From: Raghavendra K T <raghavendra.kt@linux.vnet.ibm.com>
To: "Radim Krčmář" <rkrcmar@redhat.com>
Cc: kvm@vger.kernel.org, linux-kernel@vger.kernel.org,
Paolo Bonzini <pbonzini@redhat.com>,
Gleb Natapov <gleb@kernel.org>, Vinod Chegu <chegu_vinod@hp.com>,
Hui-Zhi Zhao <hui-zhi.zhao@hp.com>,
Christian Borntraeger <borntraeger@de.ibm.com>,
Lisa Mitchell <lisa.mitchell@hp.com>
Subject: Re: [PATCH v3 4/7] KVM: VMX: dynamise PLE window
Date: Fri, 22 Aug 2014 00:40:03 +0530 [thread overview]
Message-ID: <53F6440B.8010709@linux.vnet.ibm.com> (raw)
In-Reply-To: <1408637291-18533-5-git-send-email-rkrcmar@redhat.com>
On 08/21/2014 09:38 PM, Radim Krčmář wrote:
> Window is increased on every PLE exit and decreased on every sched_in.
> The idea is that we don't want to PLE exit if there is no preemption
> going on.
> We do this with sched_in() because it does not hold rq lock.
>
> There are two new kernel parameters for changing the window:
> ple_window_grow and ple_window_shrink
> ple_window_grow affects the window on PLE exit and ple_window_shrink
> does it on sched_in; depending on their value, the window is modifier
> like this: (ple_window is kvm_intel's global)
>
> ple_window_shrink/ |
> ple_window_grow | PLE exit | sched_in
> -------------------+--------------------+---------------------
> < 1 | = ple_window | = ple_window
> < ple_window | *= ple_window_grow | /= ple_window_shrink
> otherwise | += ple_window_grow | -= ple_window_shrink
>
> A third new parameter, ple_window_max, controls the maximal ple_window;
> it is internally rounded down to a closest multiple of ple_window_grow.
>
> VCPU's PLE window is never allowed below ple_window.
>
> Signed-off-by: Radim Krčmář <rkrcmar@redhat.com>
> ---
> arch/x86/kvm/vmx.c | 87 ++++++++++++++++++++++++++++++++++++++++++++++++++++--
> 1 file changed, 85 insertions(+), 2 deletions(-)
>
Thanks for the nice patch.
default of grow = 2 and shrink = 0 is very good, which aids fast
clamping in overcommit and less ple_exits in undercommit.
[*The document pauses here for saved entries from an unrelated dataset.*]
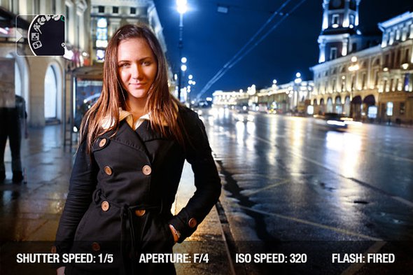在夜景人像模式下,相机会尽量平衡阴暗的背景和前景主体所需的曝光量之间的关系,为了拍摄到清晰的背景,光圈需要开的足够大以获得足够的光线。但同时也需要开启闪光灯照亮人物面部,避免低速的快门造成模糊。有些夜景人像模式可以闪光两次,以创造不寻常的双重曝光效果。
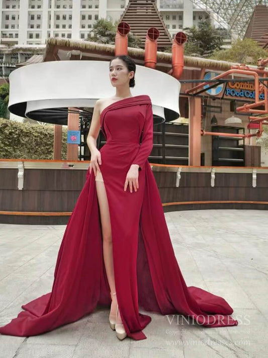 Robes de bal en satin rouge foncé à une épaule et manches longues avec fente FD2428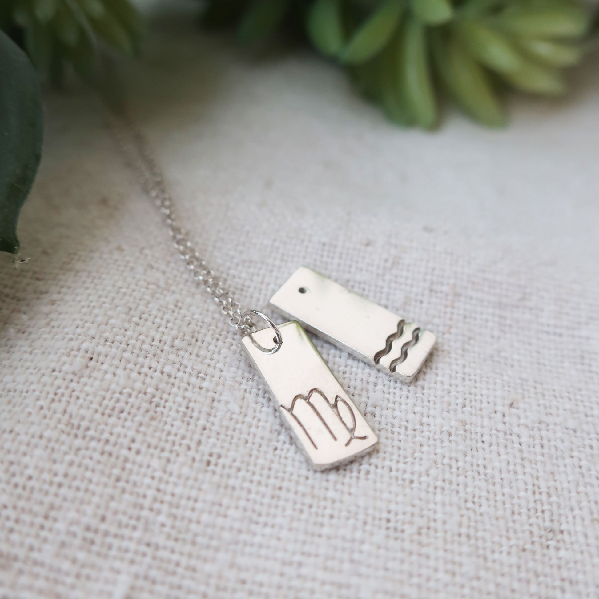 A mini sterling silver tag features your astrological sign gracefully hung from a dainty cable chain. Just choose your special sign.

with a small concern over modifier (shrinker) value in patch 6,
Reviewed-by: Raghavendra KT <raghavendra.kt@linux.vnet.ibm.com>
> diff --git a/arch/x86/kvm/vmx.c b/arch/x86/kvm/vmx.c
> index 18e0e52..a2fa6ba 100644
> --- a/arch/x86/kvm/vmx.c
> +++ b/arch/x86/kvm/vmx.c
> @@ -125,14 +125,32 @@ module_param(nested, bool, S_IRUGO);
> * Time is measured based on a counter that runs at the same rate as the TSC,
> * refer SDM volume 3b section 21.6.13 & 22.1.3.
> */
> -#define KVM_VMX_DEFAULT_PLE_GAP 128
> -#define KVM_VMX_DEFAULT_PLE_WINDOW 4096
> +#define KVM_VMX_DEFAULT_PLE_GAP 128
> +#define KVM_VMX_DEFAULT_PLE_WINDOW 4096
> +#define KVM_VMX_DEFAULT_PLE_WINDOW_GROW 2
> +#define KVM_VMX_DEFAULT_PLE_WINDOW_SHRINK 0
> +#define KVM_VMX_DEFAULT_PLE_WINDOW_MAX \
> + INT_MAX / KVM_VMX_DEFAULT_PLE_WINDOW_GROW
> +
> static int ple_gap = KVM_VMX_DEFAULT_PLE_GAP;
> module_param(ple_gap, int, S_IRUGO);
>
> static int ple_window = KVM_VMX_DEFAULT_PLE_WINDOW;
> module_param(ple_window, int, S_IRUGO);
>
> +/* Default doubles per-vcpu window every exit. */
> +static int ple_window_grow = KVM_VMX_DEFAULT_PLE_WINDOW_GROW;
> +module_param(ple_window_grow, int, S_IRUGO);
> +
> +/* Default resets per-vcpu window every exit to ple_window. */
> +static int ple_window_shrink = KVM_VMX_DEFAULT_PLE_WINDOW_SHRINK;
> +module_param(ple_window_shrink, int, S_IRUGO);
> +
> +/* Default is to compute the maximum so we can never overflow. */
> +static int ple_window_actual_max = KVM_VMX_DEFAULT_PLE_WINDOW_MAX;
> +static int ple_window_max = KVM_VMX_DEFAULT_PLE_WINDOW_MAX;
> +module_param(ple_window_max, int, S_IRUGO);
Some observations:
1. I think a large ple_window for e.g., 16MB itself
would be very large value after which the ple_window change would not
have much effect.
So could KVM_VMX_DEFAULT_PLE_WINDOW_MAX be just
KVM_VMX_DEFAULT_PLE_WINDOW^2 or something ? or otherwise..
How about ..
define KVM_VMX_DEFAULT_PLE_WINDOW_MAX = INT_MAX
/KVM_VMX_DEFAULT_PLE_WINDOW.
(considering we don't allow default grow to be greater than default ple
window).
2. can we consider min_ple_window value of 2k. tracing showed that in
overcommit there were several occations of 4k <- 4k situations.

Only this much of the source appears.